The shares in an Israeli microchip company hit a record high after analyses showed that its technology is used in the recently launched iPhone 7, Reuters reported Tuesday.
Shares in Ceva, a firm that develops digital signal processors and licenses its designs to chipmakers including Intel and Samsung, jumped 10.3 percent to a record $34.99 per share after companies specializing in analyzing phone technology discovered its hardware in the iPhone 7 and 7 Plus.
The newfound interest in Ceva marks a comeback for the company. Ceva products hadn’t been used in Apple products since the iPhone 3 and iPhone 4 five years ago, Haaretz reported.
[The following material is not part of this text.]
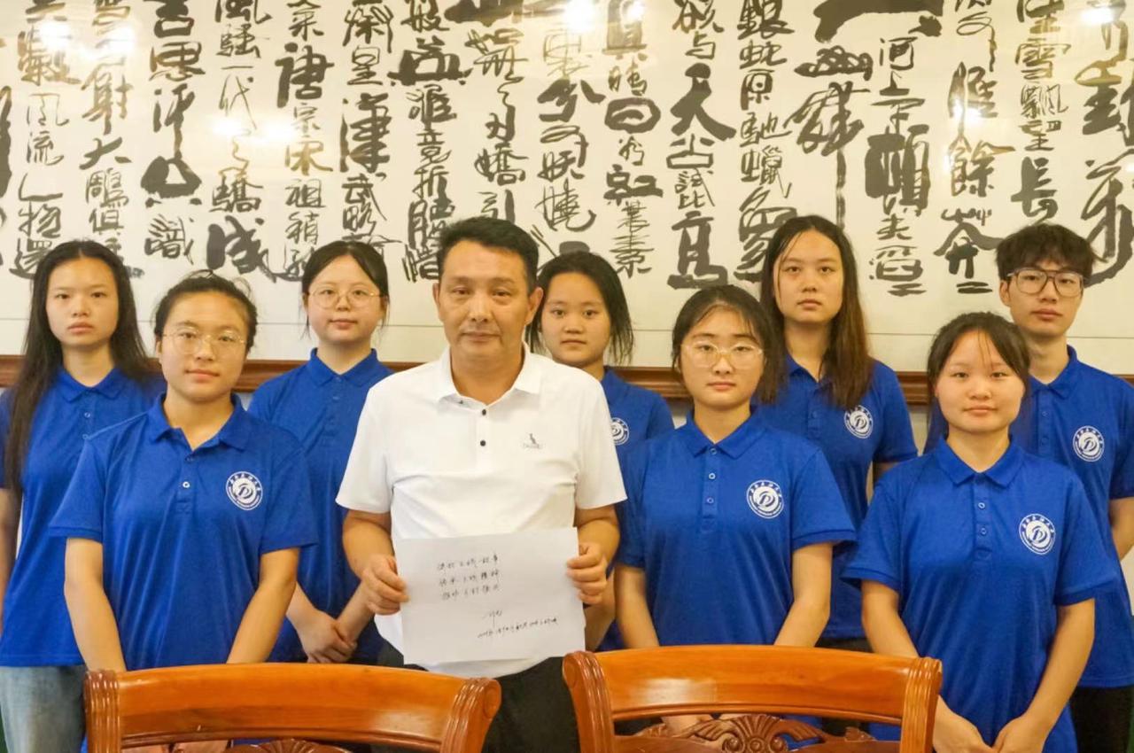 活动过程中,实践队来到会议室,和中国三线研究协会常务理事邓龙老师进行交流。老师讲述了他带领当地村民重建三五三六军工旧址的艰难历程以此勉励实践队,并写下题词:讲好三线故事,传承三线精神,促进乡村振兴。实践队成员表示,要努力成为老师所期盼的国之栋梁,成为堪当民族复兴大任的时代新人。
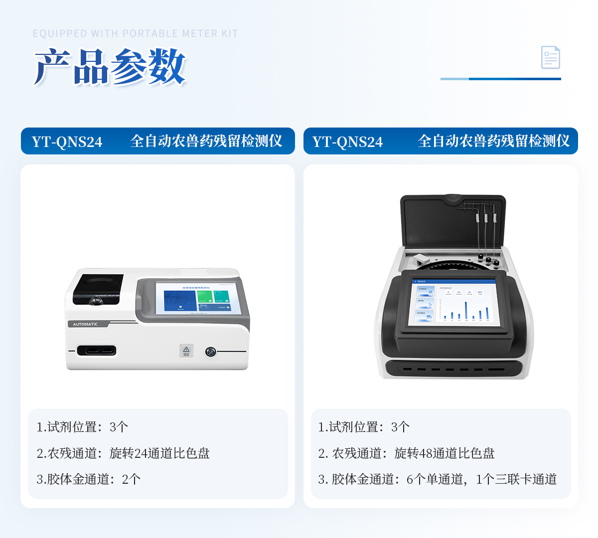 1. 试剂位置:3个 | 2. 农残检测盘:旋转24通道比色盘,可任意选择检测通道,自动对应选择通道。 | 3. 胶体金通道:2个,可读取检测卡结果,自动采集、处理分析,自动判断检测结果,并具备自动判空功能。 | 4.系统配置:10.1寸高清液晶触摸屏,采用ARM Cortex™-A7,RK3288/4核处理器,运行内存1GB。Android7.1.1 系统分辨率1280×800。 | 5.恒温系统:具有自动加温温控系统,精准恒温37℃,精度±0.1℃。 | 6.添加系统:仪器按照试剂要求自动、按时、按量加入试剂,并且自动对未正常放置的样本或异常的样本进行检查并提示。 | 7.清洗功能:仪器具备回流及自动清洗管路功能,避免试剂污染。 | 8.混匀功能:设备具备自动混匀功能。 | 9.光源校准:设备可自动校准,确保检测准确度。 | 10.实时监控:仪器测试过程中屏幕显示运行状态,可实时查看。 | 11.数据存储:内部存储16GB,可存储500万条数据。 | 12.样品多选功能:设备具备样品一键多选功能,选择样品自动匹配检测通道。 | 13.项目预设:可提前设置单个及多个相同或不相同的检测任务,可单次或者多次调取,减少检测时间。 | 14.自定义打印系统:内置自定义打印系统,可按需灵活设置开启或关闭:产品合格证(国家农业部标准),二维码,抽样信息、检测信息,受检信息等信息的打印。 | 15.A4版本报告打印功能:设备可自动生成A4版报告,A4报告带二维码,可扫描二维码生成电子版,并可识别真伪。 | 16.传输方式:仪器配备无线通信模块: 4G(APN)通讯模块、Wifi模块,蓝牙传输模块,同时具有USB接口以及RJ45接口能以多种方式实现数据保存和数据传输功能,设备数据可以同步上传至平台。 | 17.系统17.数据监管系统:设备自带监管平台,并可同步对接监管平台,数据可局域网和互联网数据上传,检测结果可直接传至食品安全监管平台。达到食品安全问题预估、预警。 | 18.系统远程更新功能:无需设备返厂,即可远程实时升级全新系统,节省时间成本及避免运输造成设备损。 |

In recent years, Apple has mostly used digital signal processors from Qualcomm instead.
“Since 2012 our numbers were down because of Qualcomm,” Ceva Chief Financial Officer Yaniv Arieli told Reuters. “This year that’s changing and our customers are successful in launching their own LTE chips,” which are used in 4G smartphones.
“We view Ceva as one of the main beneficiaries from the launch of the iPhone 7/7+,” analyst Gary Mobley told Reuters. Mobley also predicted that Ceva and Qualcomm will share the market for the thin modems for the iPhone, which would boost Ceva’s earnings.